2009 Q4

 

Fourth Quarter 2009

Wrapping Up 2009 — Size Matters

The multiple for which an Allstate Agency is sold relative to its Renewal Commissions has always increased, and continues to, as the size of the Agency’s Renewal Commission increases. The logic behind this phenomenon is that a larger agency generates more income, and thus wealth, for its owner and is therefore perceived as more valuable than a smaller Agency.

The Agency Size Weighted Average Price to Renewal Commission Ratio shown above is the average of the Allstate Agency Price to Renewal Commission ratios calculated for the four Agency size classes reported each year. The Simple Average Ratio shown above is the average of the Price to Renewal Commission multiples for all Allstate Agencies transitioned each year. In every year depicted above, the Simple Average is larger than the Weighted Average, indicating that a larger percentage of the transitions occurring each year were comprised of Allstate Agencies with annual Renewal Commissions of $200,000 or more. However, the gap between the Simple Average Ratio and Weighted Average Ratio has narrowed in 2008 and 2009, hinting at an increased number of smaller Agency transitions entering the mix during the last few years.

Going forward, the Value Index will use the Agency Size Weighted Average Ratio as its benchmark multiple for Agency transitions as it is not influenced by the variant mix of Allstate Agency sizes sold from year to year. However, the Simple Average will continue to be reported as it continues to serve as an excellent indicator of the size mix of Allstate Agency transitions.

Agency Prices Stabilize

Although the average price for which Allstate Agencies were sold relative to their annual Renewal Commissions continued to decline in 2009 compared to 2007 and 2008, Agency multiples viewed from the fourth quarter of 2008 through the fourth quarter of 2009 have clearly stabilized.

Though the clear hope is that Agency transition multiples will continue to firm and build a solid base in 2010, a factor that may work against this outcome is the likely increase in the number of smaller Agencies transitioned in 2010 as a result of the implementation of Allstate’s “Ideal Agency Model.” Should the “Ideal Agency Model” have an impact on the multiple for which an Agency is sold, it will be temporary in nature and should reduce the number of less effective Allstate Agencies from the mix of Agency transitions in the future, which will foster more stable and overall higher Agency Values.

A Decade Under The Belt

With 2009 complete, it has been roughly 10 years since significant numbers of Allstate Agency transitions began to occur in early 2000. During this time individual Allstate Agents and Allstate Insurance have experienced great success as they have worked together to maximize the potential of the Independent Contractor Insurance Agent Model.
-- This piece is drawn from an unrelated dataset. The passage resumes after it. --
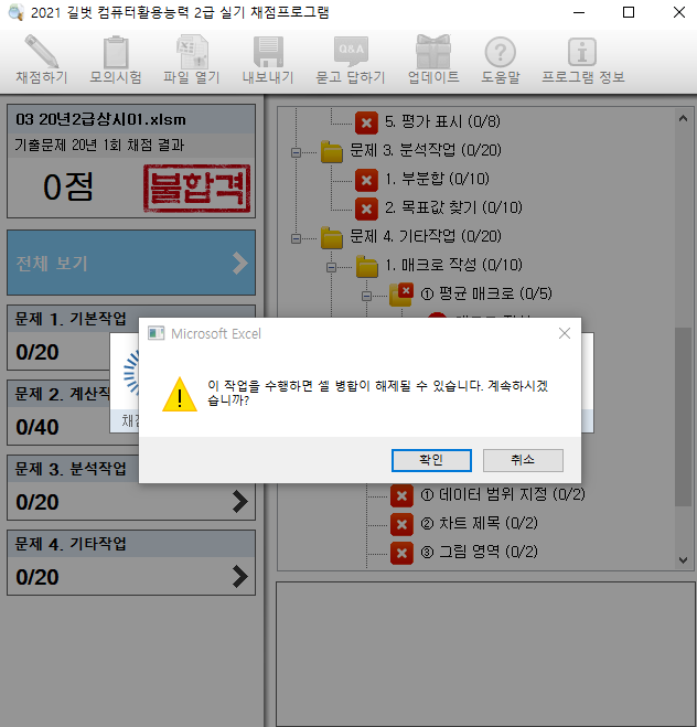 정확한 오류 원인을 알수가 없네요. 혹시 모르니 오피스 프로그램 전체와 채점 프로그램을 모두 삭제한 후 다시 설치해 보시기 바랍니다.

So what’s the ”top story” regarding the last decade of Allstate Agency ownership transitions?
The Agency Price Bubble of 2007!

Beginning in 2003 and running through the first quarter of 2007, the value of an Allstate Agency as determined by Allstate Agency sales increased from 2.0 times Agency Renewal Commissions to roughly 2.95 times. This relatively sharp 47.5% increase in Value relative to Renewal Commissions was driven largely by a combination of the observed success noted by prospective buyers who already completed acquisitions and, most importantly, the availability of financing from lenders willing to trade high rates and fees for loose underwriting of loan requests. 

From the first quarter of 2007 to the end of 2009, the average value for which an Allstate Agency has been sold has dropped from the peak of 2.95 times Renewal Commissions to 2.46 times. This 16.61% drop in Value occurred in less than two years and is reflective of the exit of the lenders previously involved in supporting the higher Allstate Agency purchase prices and a fundamental shift in the perception of Allstate Agencies by perspective buyers. 

The exit of the more aggressive lenders for Allstate Agency acquisitions was precipitated by the large losses they experienced in their Allstate Agency Acquisition loan portfolio.  Buyers of Allstate Agencies today have shifted their focus from opportunities of growth to being concerned with the ability of an Agency’s historical cash flow to support their own individual income needs and the debt service associated with the Agency Acquisition Loan.  Unfortunately for most sellers, the typical Allstate Agency does not generate enough cash flow to meet the income needs of the buyer or service the monthly principal and interest due on a 3.0+ times acquisition price.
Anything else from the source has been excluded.